実は今月末でナレッジサーブさんにて開講していました「目指せ陶芸家! ネットやきもの講座」を閉講します。

ネットで陶芸を教えることは不可能だと考えていたわたしに声を掛けていただき、動画データを用いてという方法で11年前にスタートした、おそらくは本邦初のネット陶芸講座でした。お月謝いただいていましたから。

しかし、ここ数年はYouTubeでの発信が主となり、データの更新も行っておりませんでした。
ときどきは受講される方もいて、ゼロということはなかったですが、やはりYouTubeとのバランスはとれていませんでしたし、逆にYouTubeからこの講座を見つけてご覧になった方も多かったようです。
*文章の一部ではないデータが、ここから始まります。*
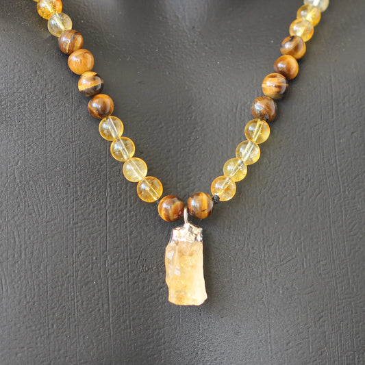 Natural Raw Citrine Crystal Pendant, Citrine & Tiger Eye Beaded Macrame Necklace
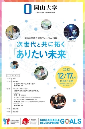 今回、統合報告書2022の発行に伴い、学内外のステークホルダーの皆様と対話を進めるため、「岡山大学統合報告フォーラム2022」を、2022年12月17日(土)に現地とオンラインのハイブリッドで開催いたします。
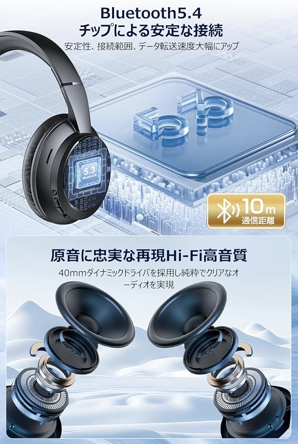 ワイヤレスヘッドホン bluetooth ヘッドホン Sanlao 【業界初 Bluetooth5.4・ヘッドホンbluetooth】 3種EQモード 有線 無線両用 ヘッドフォン マイク付き 最大35時間連続再生 2台同時接続可 EDR HIFI音質 遅延なし 多機種対応 SBC/AAC対応 ハンズフリー通話 密閉型 音漏れ防止 軽量 折り畳み可能 3.5mmケーブル付き ブラック b
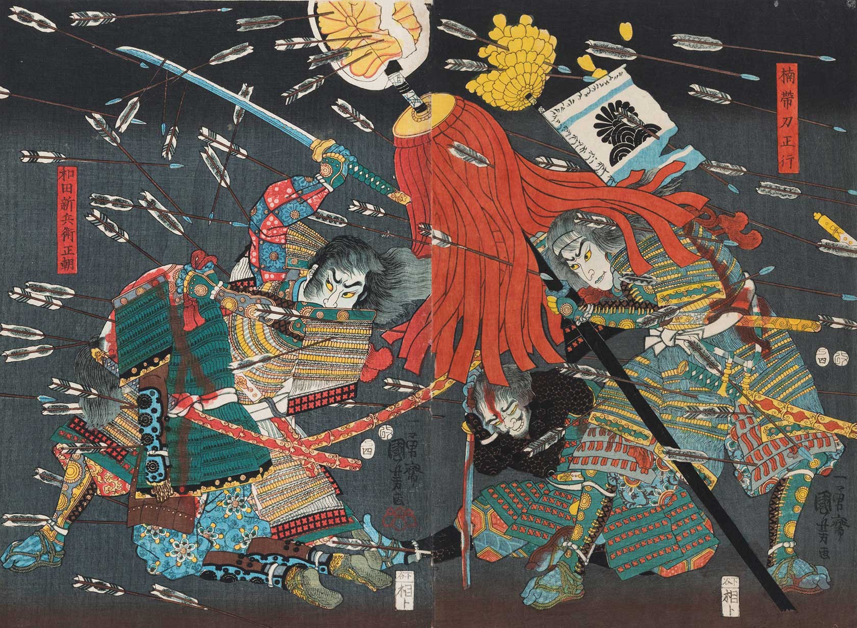 左方から雨あられと降り注ぐ矢。終わることのないその攻撃を刀で振り払う和田正朝。左手は力尽きた仲間の肩をむんずと掴み、その体を盾代わりに使う。しかし、和田の奮闘むなしく、大将、正行にはすでに5本の矢が・・・
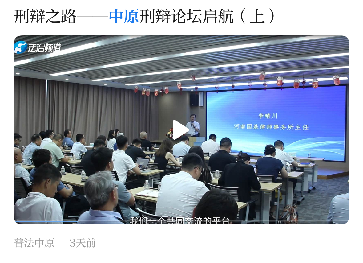 12、10月21日,河南电视台法治频道就国基刑辩研究院及中原刑辩论坛等相关工作开展情况进行采访报道,制作的节目《刑辩之路—中原刑辩论坛启航(上)》于10月26日在河南电视台法治频道播出。
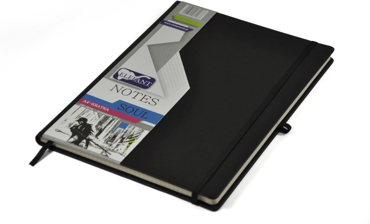 Notatnik biurowy twardy w kratkę zamykany na gumkę A4 Elefant SOUL Elegancki notatnik w wysokiej jakości skóropodobnej twardej okładce zaprojektowany zgodnie z aktualnymi trendami w designie i modzie. Notatnik firmy Elefant charakteryzuje się wysoką jakością papieru oraz okładki która ochroni wszystkie ważne notatki. Szczegóły produktu Notes formatu A4 w twardej skóropodobnej oprawie Zamknięcie za pomocą gumki, dzięki której notes nie otwiera się w torbie lub plecaku. Idealny do robienia notatek w szkole, na studiach lub w biurze, do wpisywania notatek biznesowych. Gramatura papieru: 80g/m2 Papier w delikatnym kolorze chamois Karki w czarną kratkę bez marginesu. Posiada taśmę, która pełni funkcję zakładki. Format A4 z zaokrąglonymi narożnikami. Kartki są zszywane i klejone. Wewnętrzna strona okładki z kieszenią. Kolor okładki: czarny. Producent: Elefant
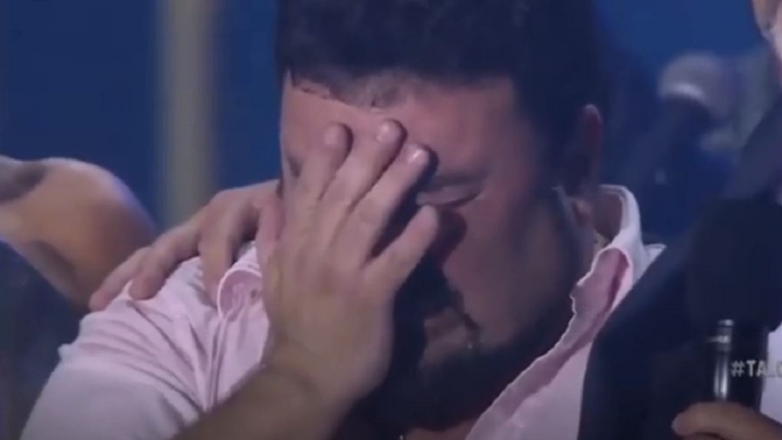 Hacia el final del show de Amar Azul en el Festival de Talca, el vocalista Miguel Ángel no pudo contener las lágrimas de emoción mientras conversaba con los animadores.
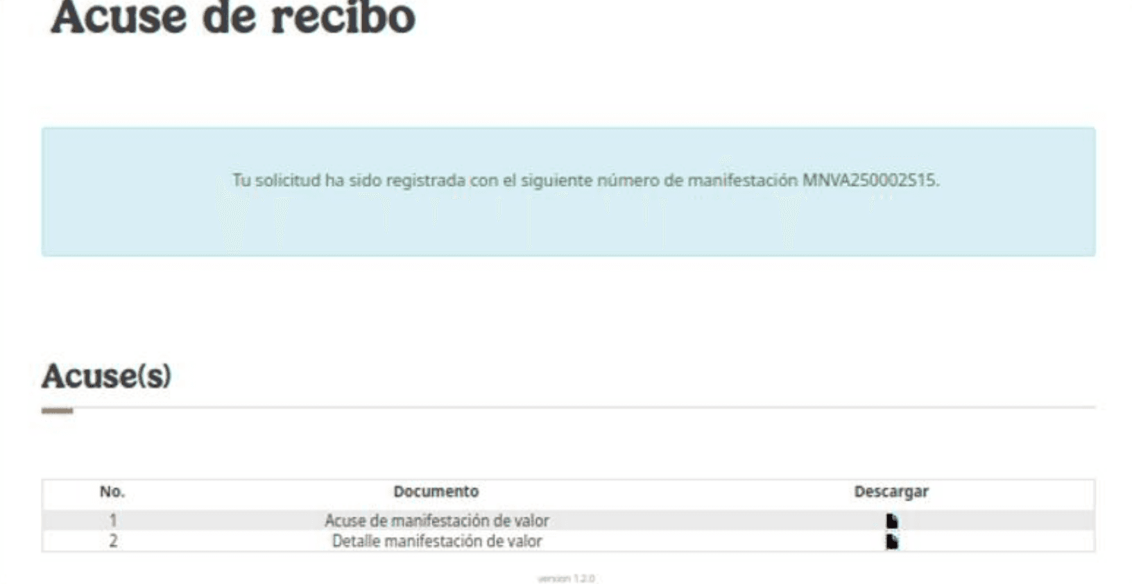 Una vez hayas subido las claves relevantes, VUCEM generará un Acuse de manifestación de valor y el detalle de manifestación de valor. En estos documentos encontrarás el número de manifestación de valor con el que podrás elaborar el pedimento aduanero.
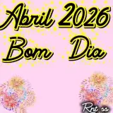 Um fundo rosa com fogos de artifício coloridos e o texto 'Abril 2026 Bom Dia' em letras pretas com contorno amarelo. No…
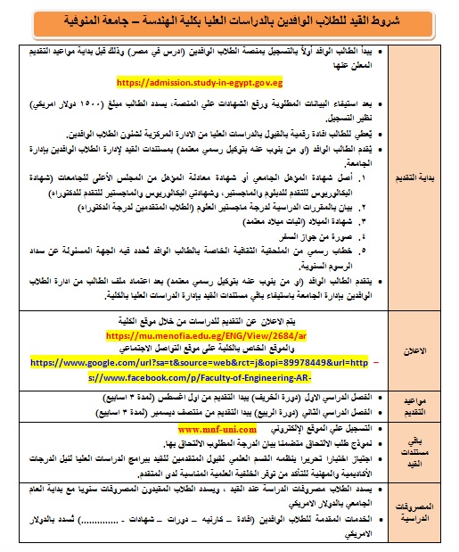 أن يكون الطالب حاصلاً على درجة بكالوريوس الهندسة فى تخصص مناسب لنوع الدراسة المتقدم لها الطالب من إحدى الجامعات المصرية أو أى درجة معادلة لها من معهد علمي أخر معترف به من المجلس الأعلى للجامعات
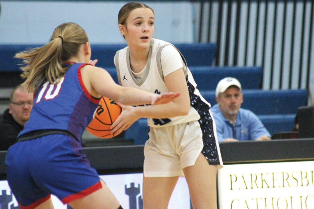 - Parkersburg Catholic’s Caroline Wynn looks over the offense, right, while being guarded by Gilmer County’s Erin Stoddard. (Photo by Kerry Patrick)
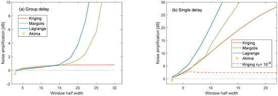 Kriging is the only method that can make use of a higher number of input samples by increasing HW, without increasing its noise sensitive at the same time. This noise stability requires to set the nugget value in the single-delay scenario (Section 4.4) with the disadvantage that the corner frequency of the equivalent filter is reduced (Figure 4).
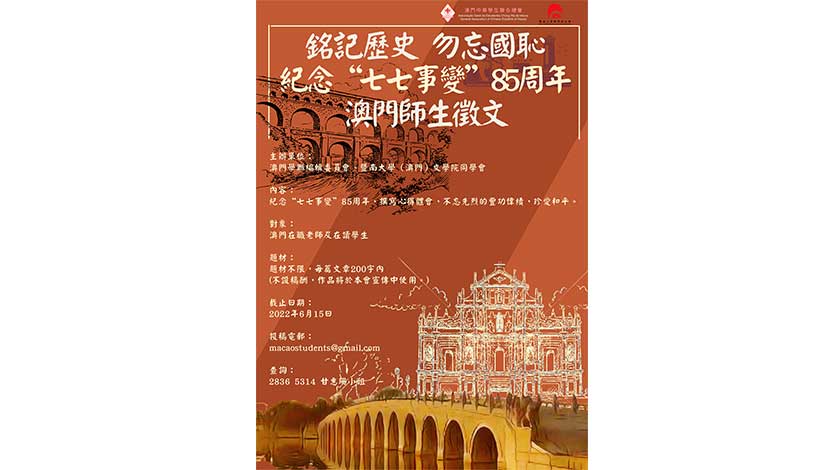 【特訊】為慶祝中國共產主義青年團成立100周年暨紀念“七七事變”85周年,由澳門學聯編輯委員會、暨南大學(澳門)文學院同學會聯合舉辦“銘記歷史勿忘國恥——紀念‘七七事變’85周年澳門師生徵文”活動,讓廣大青年學生充分瞭解這段抗戰歷史,緬懷先烈,圓夢中華。
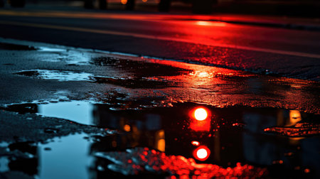 An overhead shot presents the reflection of illuminated lights in a water puddle resting on a dark, wet asphalt surface. The composition showcases cool tones, with the water reflecting soft, glowing circles, contrasted against the rough texture of the pavement. This visual could be used for backgrounds or abstract concepts.
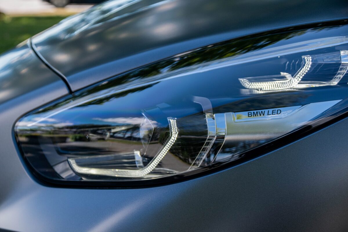 I fronten er nyregrillen smal og bred, i motsetning til de enorme kanintennene på blant annet i4 og iX. Lyktene er også smale og strekker seg lang bakover på forskjermen, mens luftinntakene er store og gapende i den brede og lave fronten.
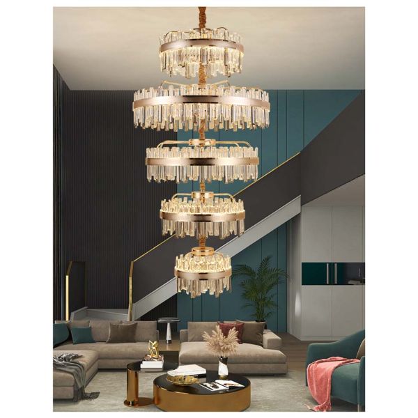 This large crystal chandelier has become a shining star in modern homes and commercial spaces with its exquisite crystal decoration and grand design style. Each crystal has been carefully cut to reflect rich light, making the chandelier add infinite charm to the interior the moment it is lit.
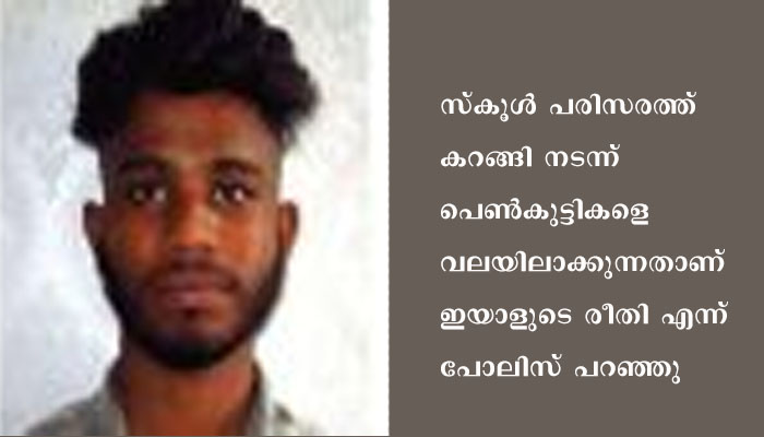 സ്കൂള് പരിസരത്ത് കറങ്ങി നടന്ന് പെണ്കുട്ടികളെ വലയിലാക്കുന്നതാണ് ഇയാളുടെ രീതി എന്ന് പോലിസ് പറഞ്ഞു. തുടർന്ന് സോഷ്യൽ മീഡിയ വഴി സൗഹൃദം ദൃഢമാക്കും.

わたしとしてはもうネット講座でやることはやった、という気持ちでした。

今は誰でもいくらでも発信できます。
しかも視聴するのは無料。

それは素晴らしいことです。
こんな世の中になって良かったなと思っています。


ただし、無料の情報は正しいものばかりではありません。
それを忘れてイタイ思いをされませんように。

お金を払うこともとても大切だと思います。
教える立場の人でも、プロの作家でも、誰かに有料でアドバイスを受ける意義はあると、自分の経験から強く思います。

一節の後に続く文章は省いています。